■ EXERCISE INSTRUCTIONS ■
All entries below must be output word for word, and the pictures left behind.

■ ENTRIES PROVIDED ■
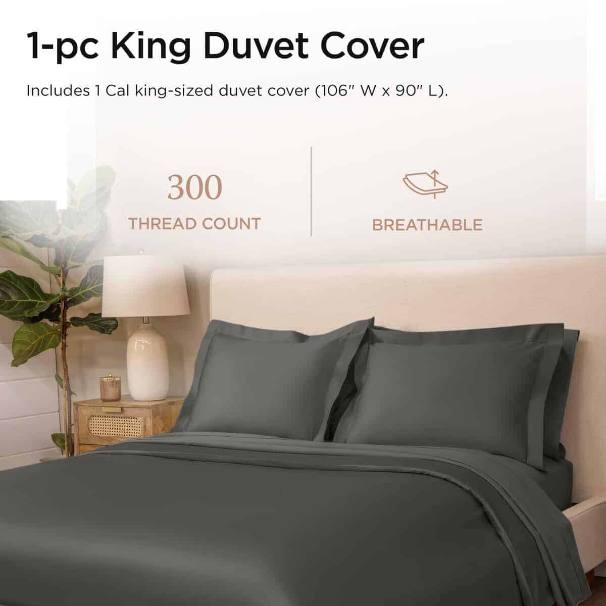 Funda de Edredón de Algodón Gris Oscuro Tamaño King
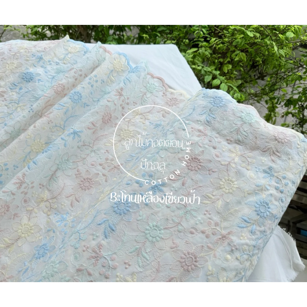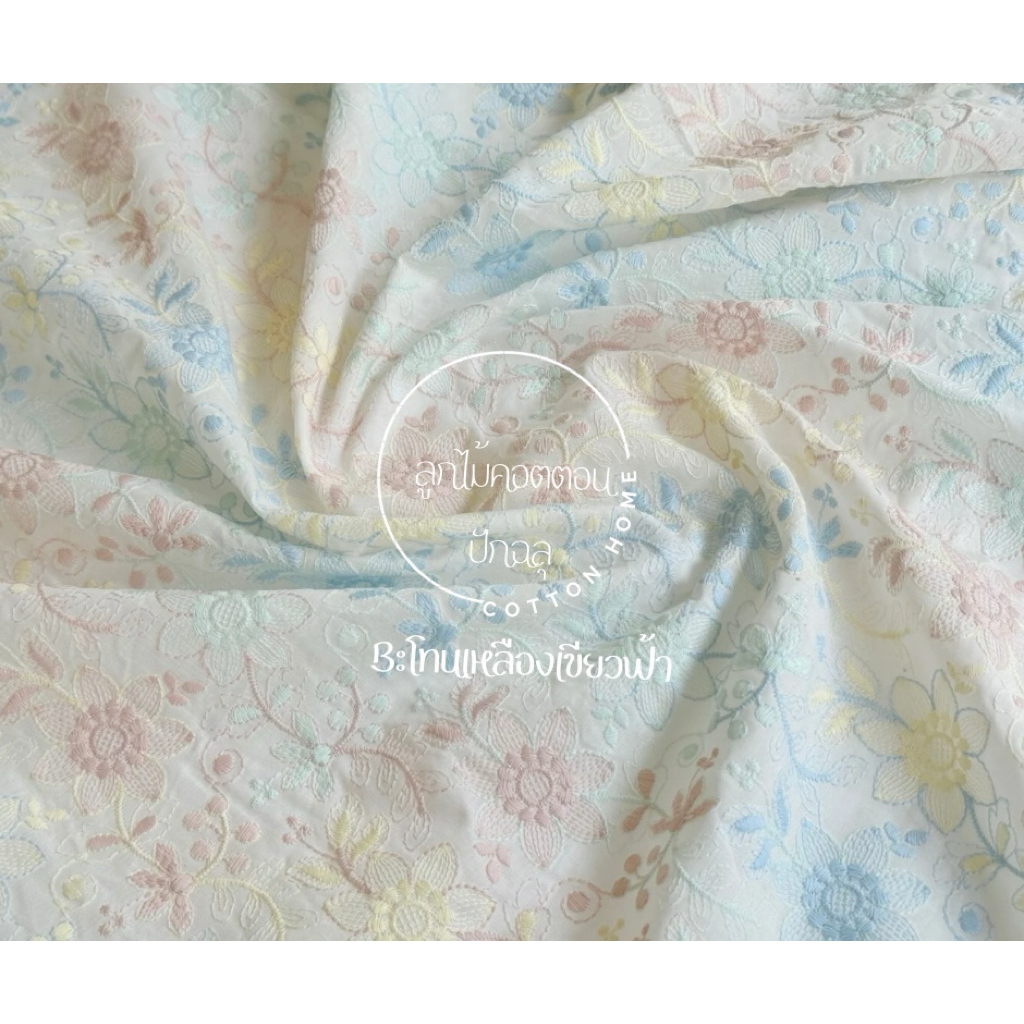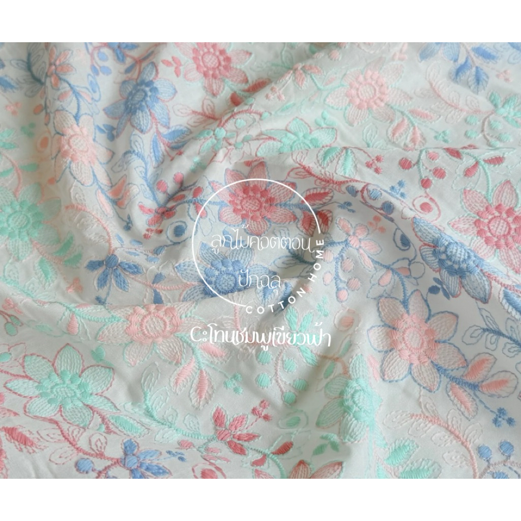 ผ้าตัดชุด ลูกไม้ปัก ผ้าป่านปักลายดอกไม้ สีสวน หน้ากว้าง40-42นิ้ว พร้อมส่ง
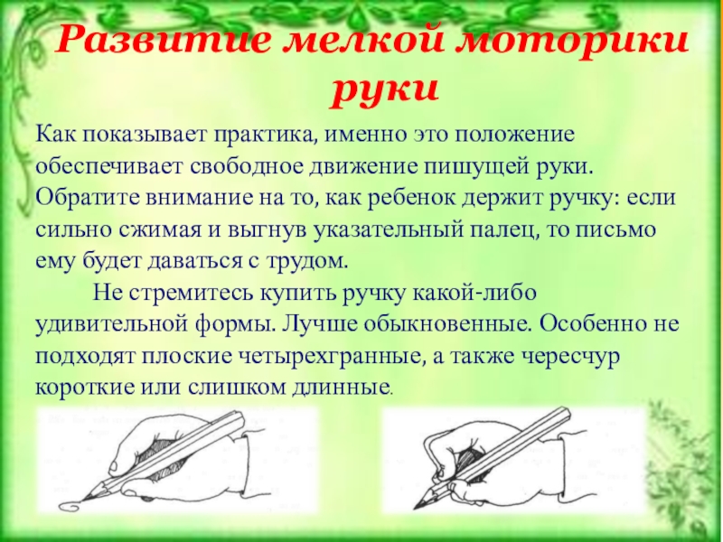 свободное движение пишущей руки. Обратите внимание на то, как ребенок держит ручку: если сильно сжимая и выгнув указательный палец, то письмо ему будет даваться с трудом.
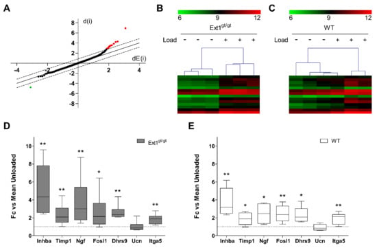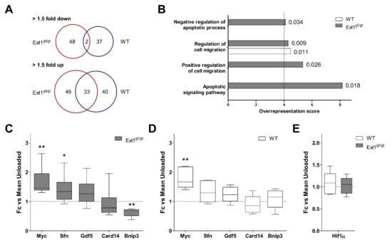 2.5. Induction of an Anti-Apoptotic Expression Signature in HS-Deficient Cartilage by Loading
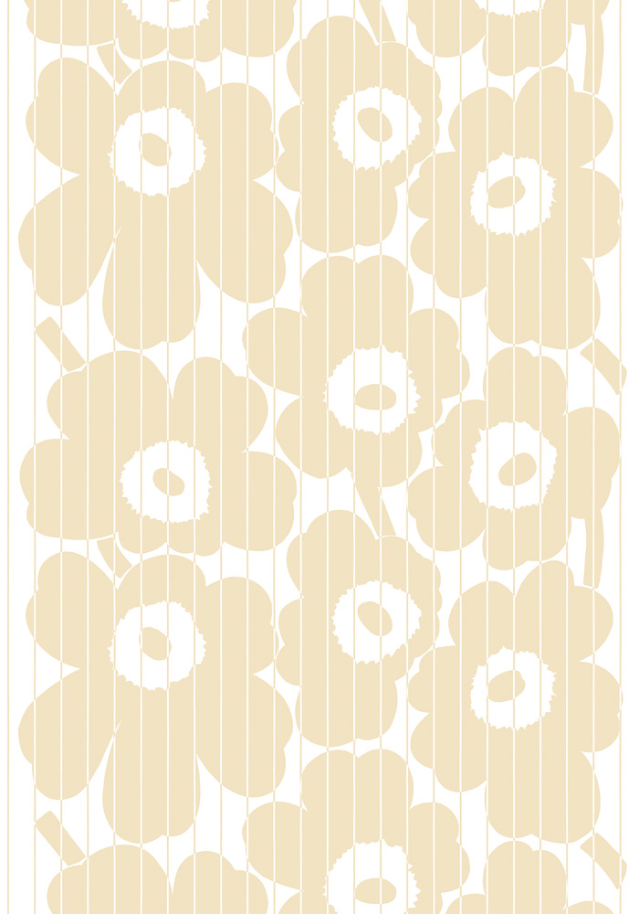 Tapet Vesi Unikko från Marimekko är en väggpanel där det klassiska mönstret Unikko har fått en spännande tolkning där vertikala linjer som går över mönstret förskjuter mönstrets färger ock skapar en randig effekt. I denna färgställning möter en vit botten en mild smörgul ton och de stora Unikko blommorna får ett nedtonat och milt uttryck.
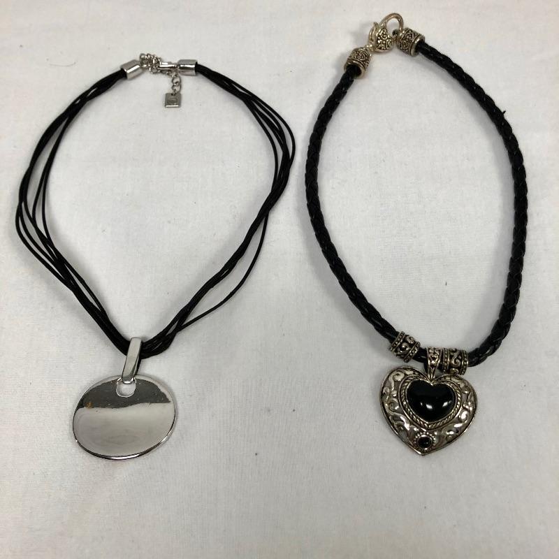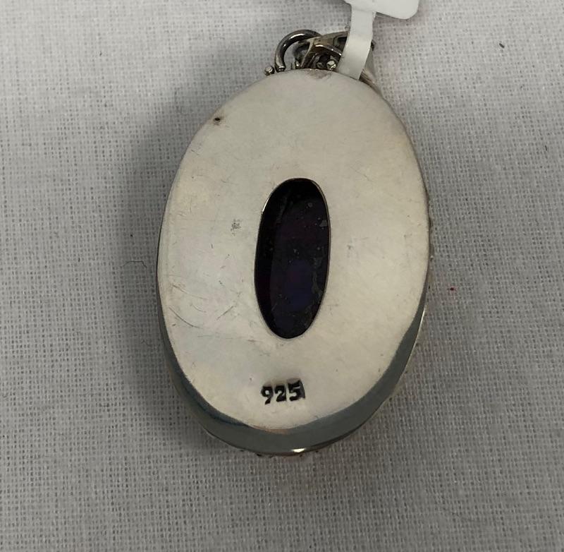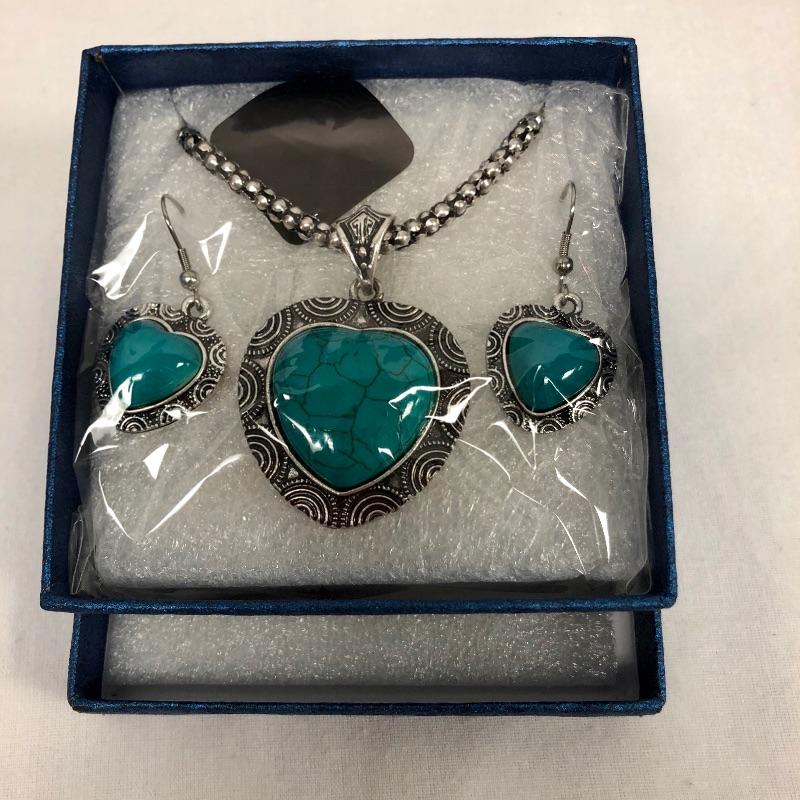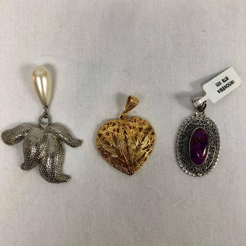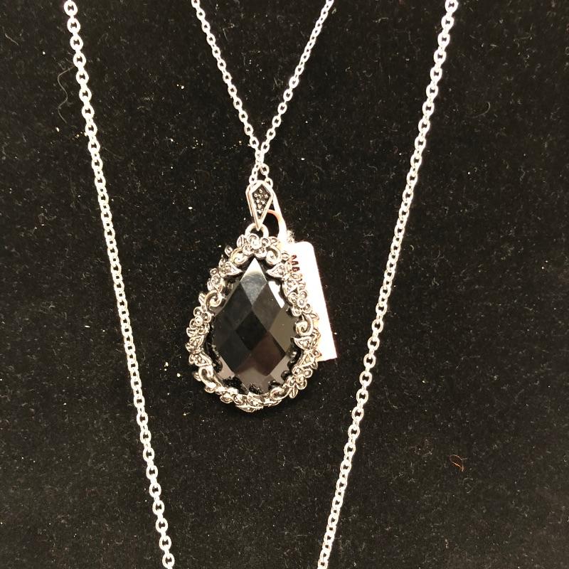 A lovely assortment of pieces that includes a matching necklace and bracelet with blue stone centerpieces. The necklace chain is marked stainless steel and measures 18”. The black stone pendant necklace also measures 18” and the pendant is marked stainless steel. Also included are 8 new in the bag pendants marked 925, an assortment of other pendants, necklaces, etc see images.
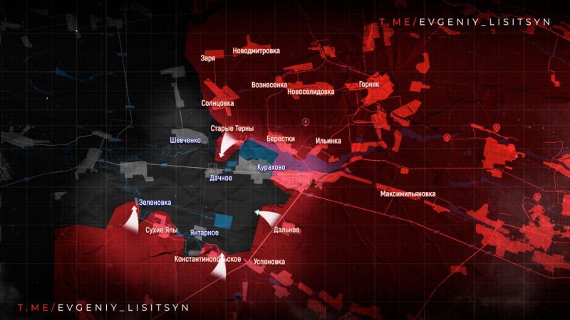 На КУРАХОВСКОМ НАПРАВЛЕНИИ наши парни атакуют в районе ТЭС, территорию которой удерживает противник. ВС РФ пробиваются к дороге на Запорожье в районе УЛАКЛЫ и РАЗЛИВА, также продолжаются бои в районе ШЕВЧЕНКО. В районе ВЕЛИКОЙ НОВОСЁЛКИ наши штурмовики пытаются взять под контроль позиции на холмах к северу от дороги ВРЕМЕВКА – ГУЛЯЙПОЛЕ, чтобы контролировать все дороги к западу от Великой Новосёлки и окружить боевиков ВСУ.
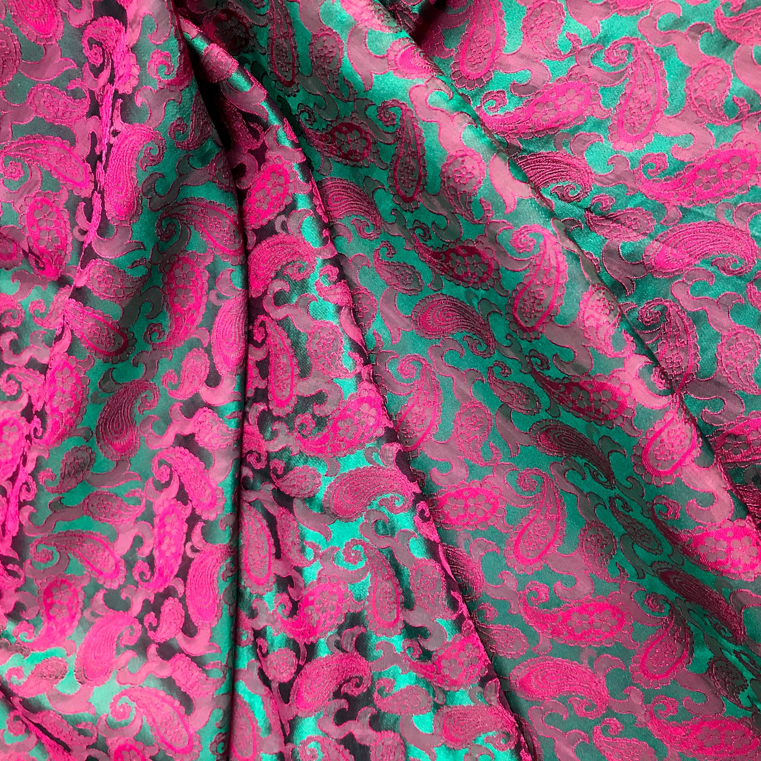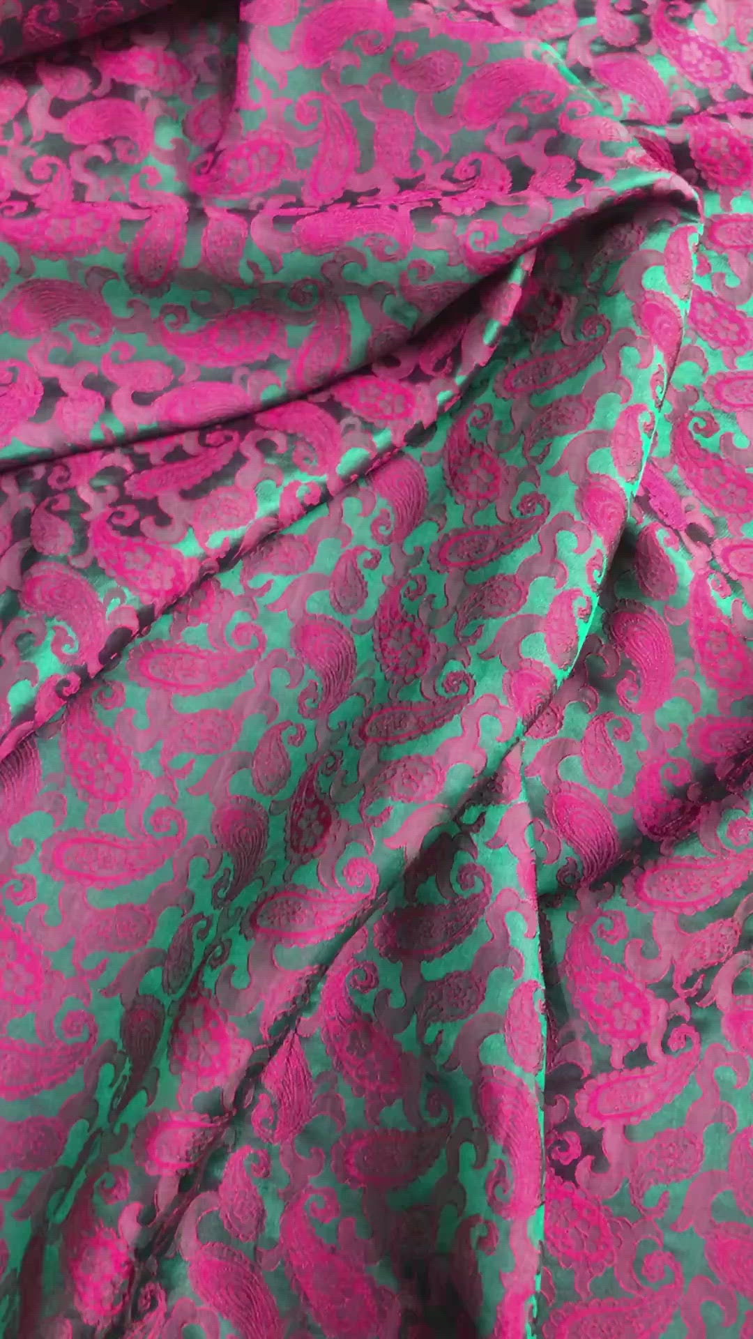 Green silk with Pink Paisley design - PURE MULBERRY SILK fabric by the yard - Luxury Silk - Natural silk - Handmade in VietNam- Silk with Design

■ THE COMPLETED TASK ■
 Funda de Edredón de Algodón Gris Oscuro Tamaño King
 ผ้าตัดชุด ลูกไม้ปัก ผ้าป่านปักลายดอกไม้ สีสวน หน้ากว้าง40-42นิ้ว พร้อมส่ง
 свободное движение пишущей руки. Обратите внимание на то, как ребенок держит ручку: если сильно сжимая и выгнув указательный палец, то письмо ему будет даваться с трудом.
 2.5. Induction of an Anti-Apoptotic Expression Signature in HS-Deficient Cartilage by Loading
 Tapet Vesi Unikko från Marimekko är en väggpanel där det klassiska mönstret Unikko har fått en spännande tolkning där vertikala linjer som går över mönstret förskjuter mönstrets färger ock skapar en randig effekt. I denna färgställning möter en vit botten en mild smörgul ton och de stora Unikko blommorna får ett nedtonat och milt uttryck.
 A lovely assortment of pieces that includes a matching necklace and bracelet with blue stone centerpieces. The necklace chain is marked stainless steel and measures 18”. The black stone pendant necklace also measures 18” and the pendant is marked stainless steel. Also included are 8 new in the bag pendants marked 925, an assortment of other pendants, necklaces, etc see images.
 На КУРАХОВСКОМ НАПРАВЛЕНИИ наши парни атакуют в районе ТЭС, территорию которой удерживает противник. ВС РФ пробиваются к дороге на Запорожье в районе УЛАКЛЫ и РАЗЛИВА, также продолжаются бои в районе ШЕВЧЕНКО. В районе ВЕЛИКОЙ НОВОСЁЛКИ наши штурмовики пытаются взять под контроль позиции на холмах к северу от дороги ВРЕМЕВКА – ГУЛЯЙПОЛЕ, чтобы контролировать все дороги к западу от Великой Новосёлки и окружить боевиков ВСУ.
 Green silk with Pink Paisley design - PURE MULBERRY SILK fabric by the yard - Luxury Silk - Natural silk - Handmade in VietNam- Silk with Design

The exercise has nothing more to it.